The second lesson is slowly being drummed louder and louder. Only panhandling survives as a businesses without a Twitter account or Facebook page. To their credit, panhandlers don't expect anyone to like them. And a simple, unobtrusive cardboard sign represents the closest thing to tweeting that they do.

Social networking has, indeed, made panhandling look respectable.

But even if you enjoy tweeting and wake up every morning with a smile on your Facebook page, there's still a chance you depend on your calendar, contacts and email applications to get you through the day.

That's what people were worried about after the iOS and Mavericks preview at Apple's Worldwide Developers Conference this week. And you don't have to be a GTD [Fn 3] cultist to appreciate their point.

There are long-standing problems with Apple's Mail program (which, despite having been around for ages, has never been called "venerable"). And this update, like the last, doesn't plan to address them. The Address Book/Contacts and Calendar also have their list of issues, again unaddressed. [Fn 4]

Instead, the keynote focused on features "geared to one's social life," as one person put it, suggesting to another that "Maybe the whole social networking thing is some nefarious scheme of the NSA?"

People are weary of social networking hogging center stage.

Two simple lessons as the dust starts to settle and we join our regular programming, Business As Usual, in progress.

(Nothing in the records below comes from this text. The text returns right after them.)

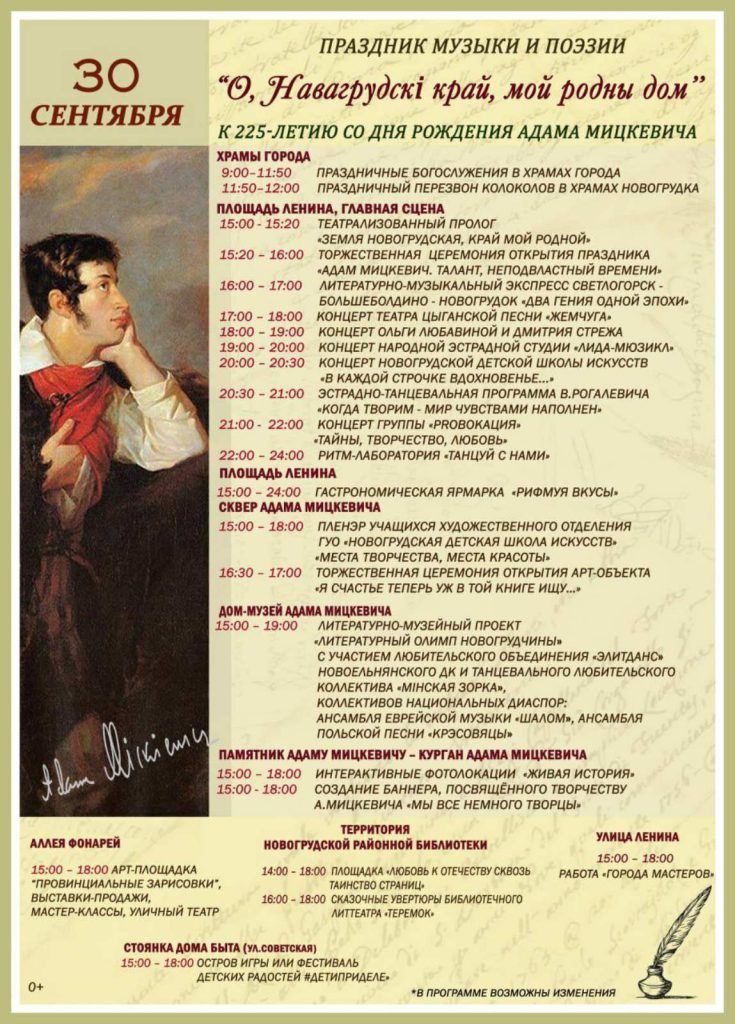 Праздник музыки и поэзии «О, Навагрудскi край, мой родны дом», посвящённый 225-летию со дня рождения Адама Мицкевича, прошёл в Новогрудке. На разных площадках города проходили концерты, работали интересные фотозоны, была организована праздничная торговля и развлечения для горожан и гостей.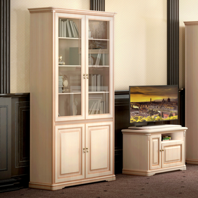 Шкаф для книг из коллекции мебели для дома. В отделке фасада используются декоративные элементы ручной работы.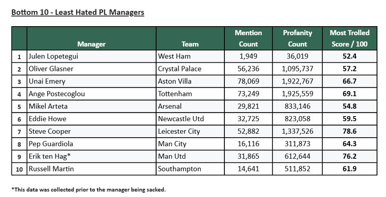 Bottom 10 - Least Hated PL Managers. Data from: Live Football Tickets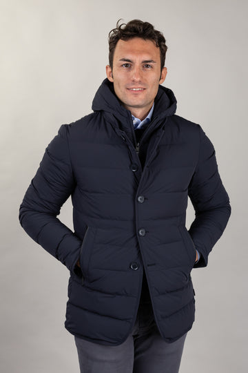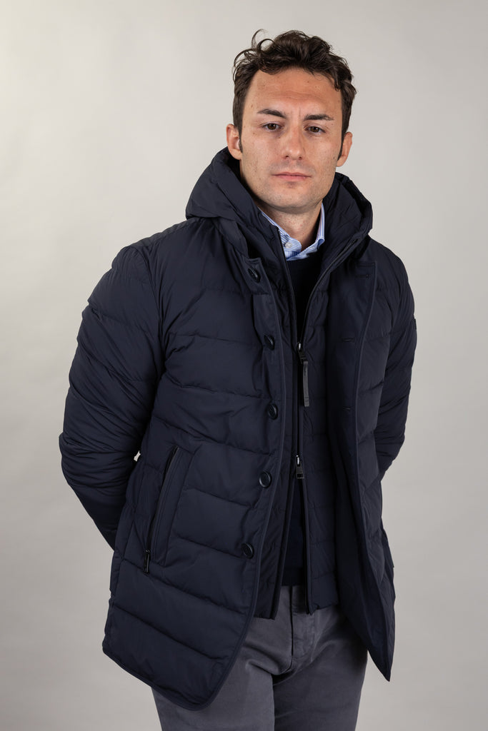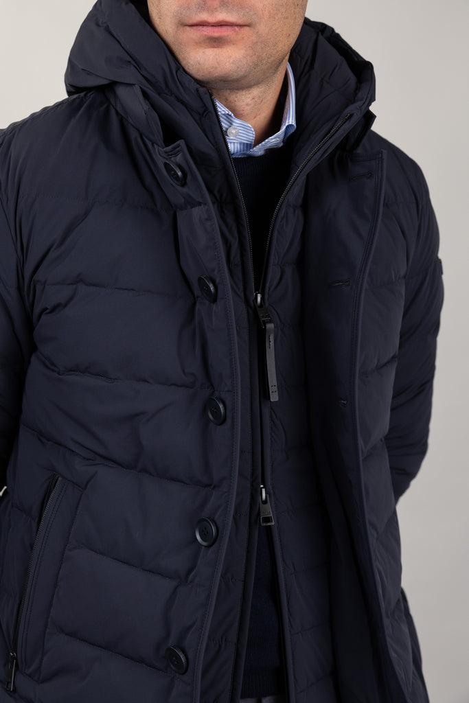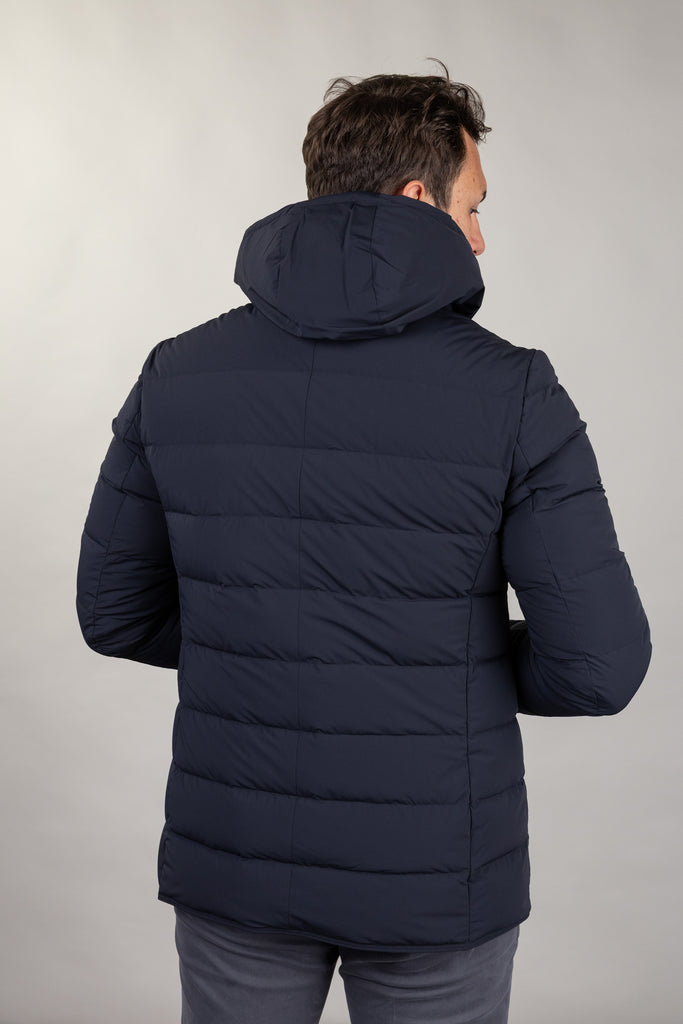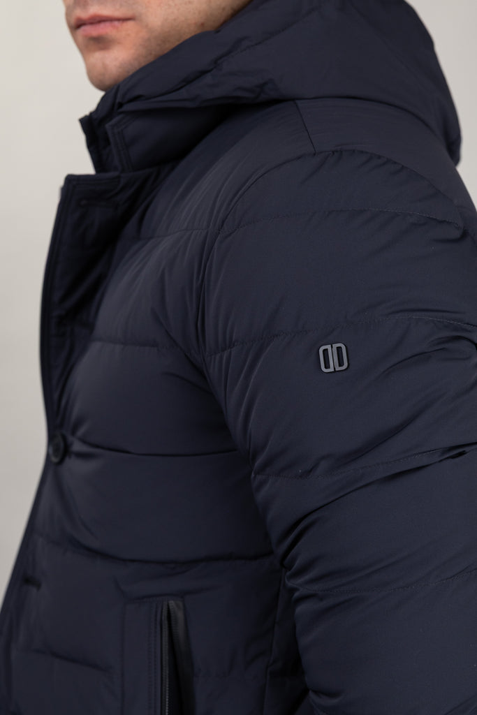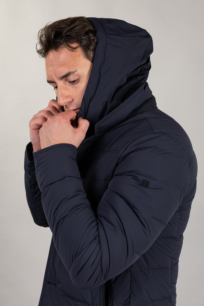 Daunenjacke aus superleichtem, bi-elastischem Funktionsgewebe mit abnehmbarem Latz, Kapuze und Reißverschluss. Stehkragen mit schwarzem Neoprendetail und Logoprägung, Knopfverschluss vorne und seitliche Leistentaschen mit wasserabweisenden Reißverschlüssen. Innen befinden sich Multifunktionstaschen mit reflektierenden Details.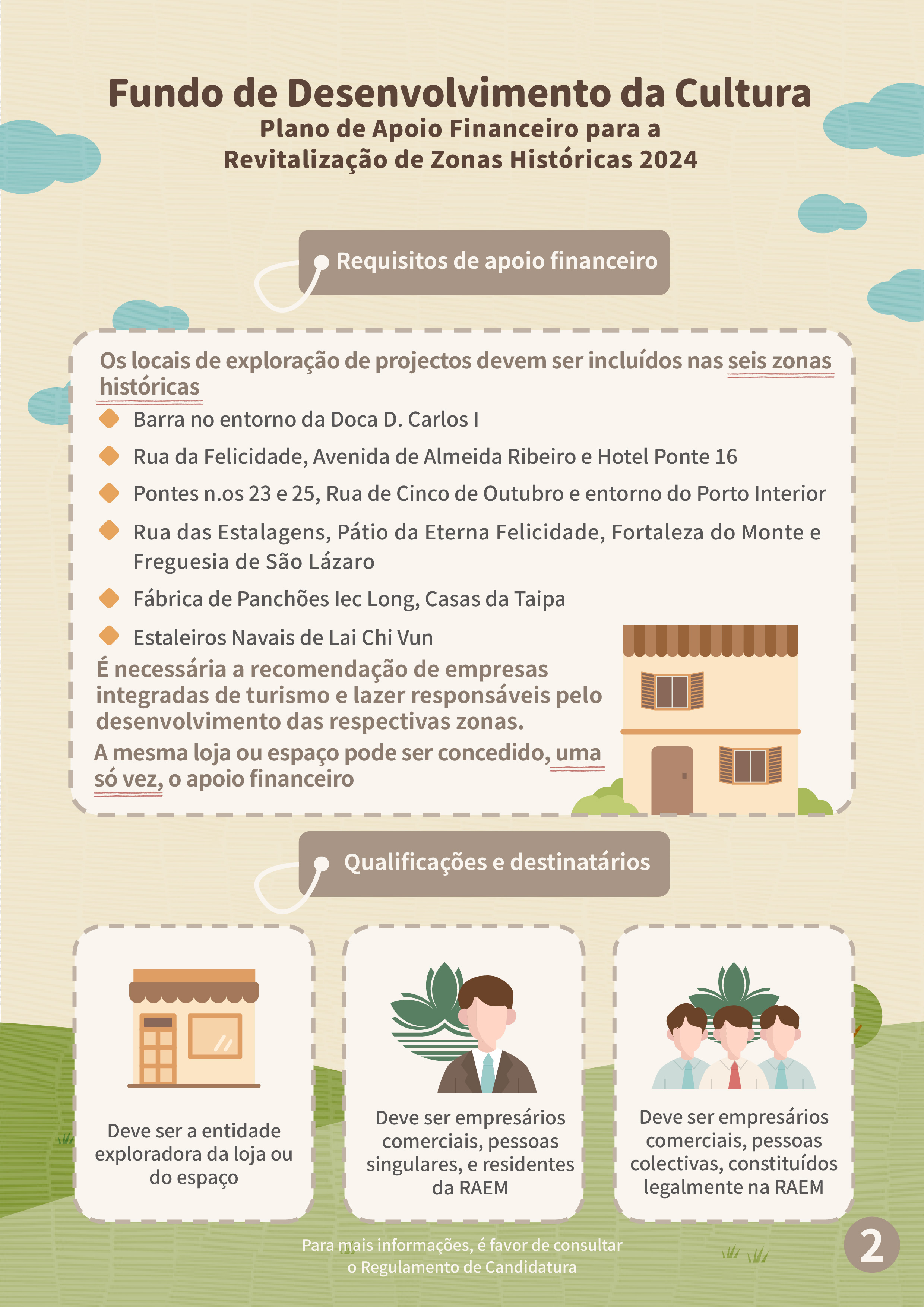 O candidato deve ser empresário comercial, pessoa singular ou colectiva, estabelecido nos termos da lei em Macau, e ser a entidade exploradora da loja ou do espaço. O local de funcionamento do projecto deve situar-se numa das seis zonas históricas, sendo necessária a recomendação de empresas integradas de turismo e lazer responsáveis pelo desenvolvimento das respectivas zonas. A mesma loja ou espaço pode ser concedido, uma só vez, o apoio financeiro no âmbito deste Plano.

And so it goes. Which, we hasten to point out, did not, in our colorful character's mind, refer to life everlasting.


Footnotes

[1] Kurt Vonnegut turned the phrase into a refrain worthy of a Greek chorus in Slaughterhouse Five. Get it in this edition.

[2] Ctein argues the benefits to subscribers of paying by the month.

[3] Getting Things Done.

[4] One exception to the trend is Apple's turn away from its own AFP file sharing model toward Window's SMB file sharing, despite a slew of legacy issues, in Mavericks.